Le gouvernement a pris des engagements très volontaristes pour l’attractivité de la Place de Paris. C’est un signal très fort et très reconnu à l’étranger. Nous avons aussi, hélas, quelques handicaps, notamment le niveau des charges sociales, voire l’instabilité fiscale chronique dont nous sommes affligés. Il est très important que le Gouvernement confirme qu’il rompt avec cette mauvaise tradition, assure la stabilité et la prévisibilité fiscale, et ouvre des perspectives très claires de poursuite de l’amélioration de la compétitivité.

Le Brexit est donc une occasion historique de développer en Europe des marchés de capitaux assurant le financement de l’économie, et Paris est particulièrement bien placée pour y jouer un rôle majeur. Nous avons un intérêt collectif à ce qu’elle devienne le nouveau pôle d’excellence de la finance européenne. Le Gouvernement en est plus que conscient : il agit. Et les Français peuvent être fiers de leurs banques.


Quelles sont aujourd'hui les grandes priorités de l’UE pour assurer la compétitivité internationale du secteur bancaire européen ?

La principale priorité pour le secteur bancaire européen est la question de l’égalité de concurrence. Les  banques françaises sont en première ligne et réclament haut et fort un « level playing field » vis-à-vis des acteurs situés en dehors de l’UE, et en particulier aux Etats-Unis. 

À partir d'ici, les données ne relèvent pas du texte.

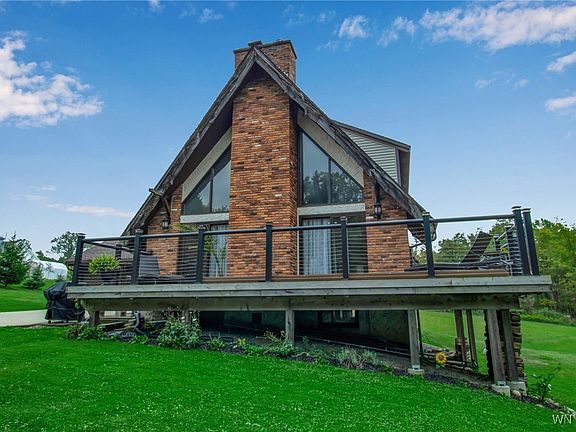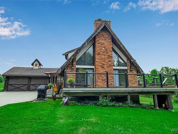 Charming Chalet-Style Retreat in Colden – East Aurora Schools! Nestled on a serene 1.9-acre hillside lot in the Town of Colden and located within the highly desirable East Aurora School District, this 3 bedroom, 1.5 bath Chalet-style home offers rustic charm, modern updates & room to grow. With 1,749 sq ft of living space, a walkout basement, and an attached 2-car garage, this property is perfect for those seeking privacy, character & convenience. Step inside to a stunning living room featuring soaring ceilings, exposed rustic beams, hardwood floors & a dramatic 2 story brick fireplace – the perfect cozy focal point. New light fixtures & ceiling fan add to the charm and comfort. The open-concept kitchen & dining area is ideal for entertaining, with plenty of storage, a pantry & included appliances. Step out the brand new sliding door onto the balcony & enjoy picturesque views of your private yard & fire pit. The first floor offers 2 generously sized bedrooms with excellent closets, a convenient half bath, laundry room, & a mudroom with access to the backyard. Upstairs, discover a spacious loft overlooking the living area, a private home office (with a closet – potential 4th bedroom) & the primary bedroom located near a full bath featuring a new vanity & tub/shower combo. The full walkout basement features tall ceilings, large windows & is ready to be finished thanks to egress access—perfect for adding more living space or a recreation area. You’ll also appreciate the newer furnace for year-round comfort. Just minutes to Kissing Bridge, Blueberry Treehouse Farm, Veterans Park & all the charm of East Aurora Village, this is a rare opportunity to enjoy country living with modern convenience. Don’t miss your chance to make this one-of-a-kind Chalet your new home!Join us for the Fall Foliage Open House – Saturday, 9/27 from 1–3 PM! Offers due Wed 10/1 by 12PM.

L’Europe doit ainsi abandonner le projet de transposition anticipée des travaux de Bâle sur les risques de marché (« FRTB »). Dans le même temps, les Etats-Unis ont indiqué qu’ils n’appliqueraient pas ces normes ! L’Europe ne doit pas se tirer une balle dans le pied. 

Je pourrais aussi parler de l’accord de Bâle. On risque de le signer alors qu’il pénalisera essentiellement les banques européennes, qui s’y opposent unanimement. C’est regrettable, et cela montre que l’Europe doit s’émanciper et devenir le très grand acteur financier qu’elle peut être si elle le décide.